Problem 4 on Chapter 9 reads:
Let $p \ge 5$, and let $G_p$ be the graph on the vertex set $\mathbb{Z}_p$ with edges $\{i, i+1 \}$ and $\{i, i+2 \}$, for $i \in \mathbb{Z}_p$. Thus, $G_p$ has $2p$ edges. Show that $G_p$ has $pF^2_p$ spanning trees where $F_p$ is the $p$th Fibonnaci Number (assuming that $F_1 = F_2 = 1, F_3 = 2, \cdots$).
This chapter deals with the Matrix-Tree Theorem. The main formulas provided in this chapter are:
The Matrix Tree Theorem (to count the number of spanning trees)

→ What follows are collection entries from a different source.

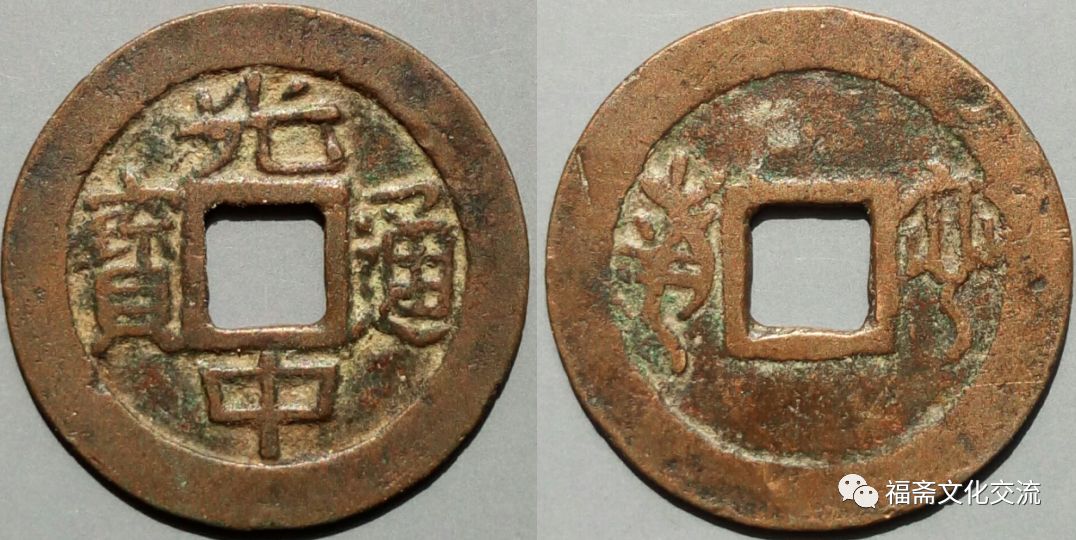 光中通宝西山起义军首领阮文惠于1783年在顺化称北平王,建元光中,并铸光中通宝,时值乾隆后期。此钱以红褐杂铜或青黄铜铸,体薄如纸,大小杂陈,文字瘦弱,品相甚差。“光中通宝”四字楷书,直读,所见多光背无文,有少数面背现重轮者。另有一种大样钱,背穿侧横列篆书“安南”二字,颇不和谐。一般径2~2.4厘米,重0.8~2.6克.此钱流传颇多,因其质劣每令藏家扼腕。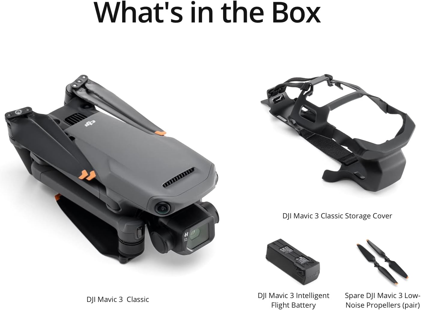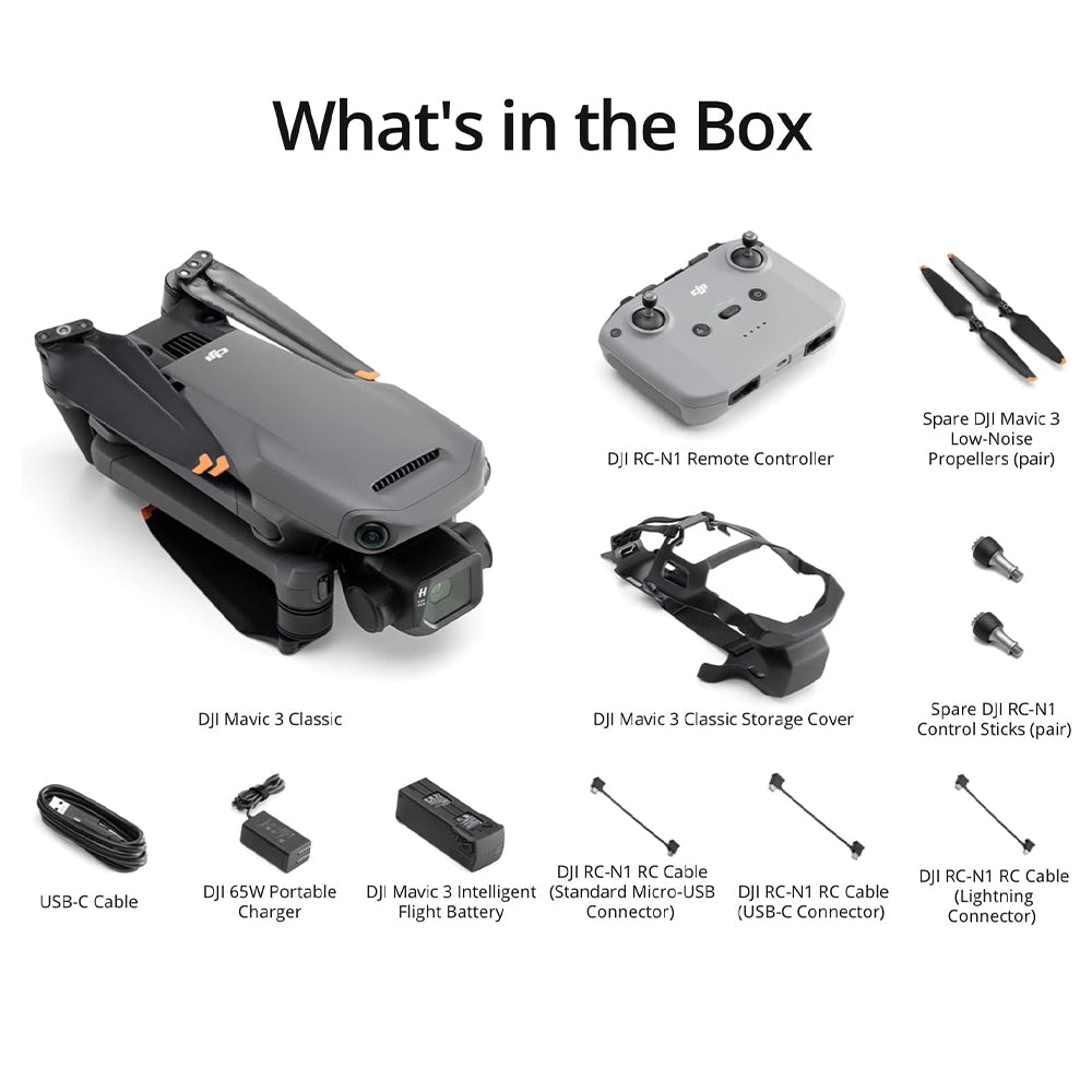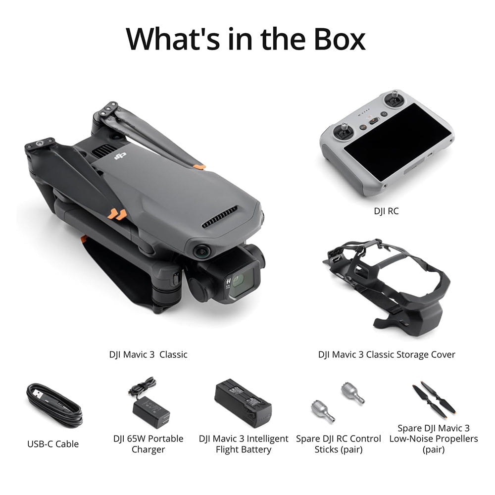 Included Components | DJI Mavic 3 Classic Storage Cover x1, DJI RC x1, DJI Mavic 3 Low-Noise Propellers (pair) x3, DJI Mavic 3 Classic x1, DJI 65W Portable Charger x1, DJI Mavic 3 Intelligent Flight Battery x1, Spare DJI RC Control Sticks (pair) x1, USB-C Cable x1 |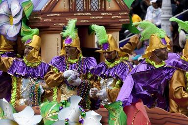 | Keywords: Mardi Gras Parade, New Orleans, Louisiana LCCN2011646937.tif 1 photograph digital TIFF file color Notes Forms part of Carol M Highsmith's America Project in the Carol M Highsmith Archive ; Gift; Carol M Highsmith; 2011; DLC/PP-2002 038-8 ; Credit line Carol M Highsmith's America Library of Congress Prints and Photographs Division ; Mardi Gras is organized by Carnival krewes Krewe float riders toss throws to the crowds; the most common are strings of plastic colorful beads doubloons decorated plastic throw cups and small inexpensive toys ; Title date and subjects provided by the photographer 2011 Creator Carol M Highsmith Library of Congress Catalog http //lccn loc gov/2011646937 Image download https //cdn loc gov/master/pnp/highsm/11700/11704a tif Original url http //hdl loc gov/loc pnp/highsm 11704 No known restrictions on publication LOC-image highsm 11704 PD-Highsmith Images uploaded by Fæ Photographs by Carol M Highsmith |

The Laplacian Graph of a regular graph of degree $d$ can be expressed as: $$L(G) = dI - A(G)$$ where $I$ is the identity and $A(G)$ is the adjacency matrix.
If $G$ is a connected graph on $p$ vertices and the eigenvalues of $L(G)$ are: $$\lambda_1, \lambda_2, \cdots \lambda_p$$ where $\lambda_p = 0$, then the number of spanning trees in $G$ is: $$\frac{1}{p} \prod_{i =1}^{p-1} \lambda_i.$$
I tried working with the Laplacian matrices and the Adjacency matrices and tried using all $3$ of these formulas but was unable to find any patterns.
I feel like Binet's formula is going to be important here in order to represent the Fibonacci Numbers however none of the eigenvalues that I have seen so far seem even somewhat related to the terms in Binet's Formula.
How should I attack this problem?
I found a solution to the problem here.
Summary of the solution in case the link rots: First solve for the "unhooked" graph in which the edges $(p-2,0),(p-1,0)$ and $(p-1,1)$ are removed. ( we get $f_{2n-2} = f_n^2-f_{n-2}^2$ such graphs ). Notice that by rotating this "unhooked" graph that is contained in the circulant one we can get $n(f_n^2 - f_{n-2}^2)$ distinct subtrees. And then in order to get the remaining $n(f_{n-2}^2)$ subtrees do some shenanigans with rotation yet again.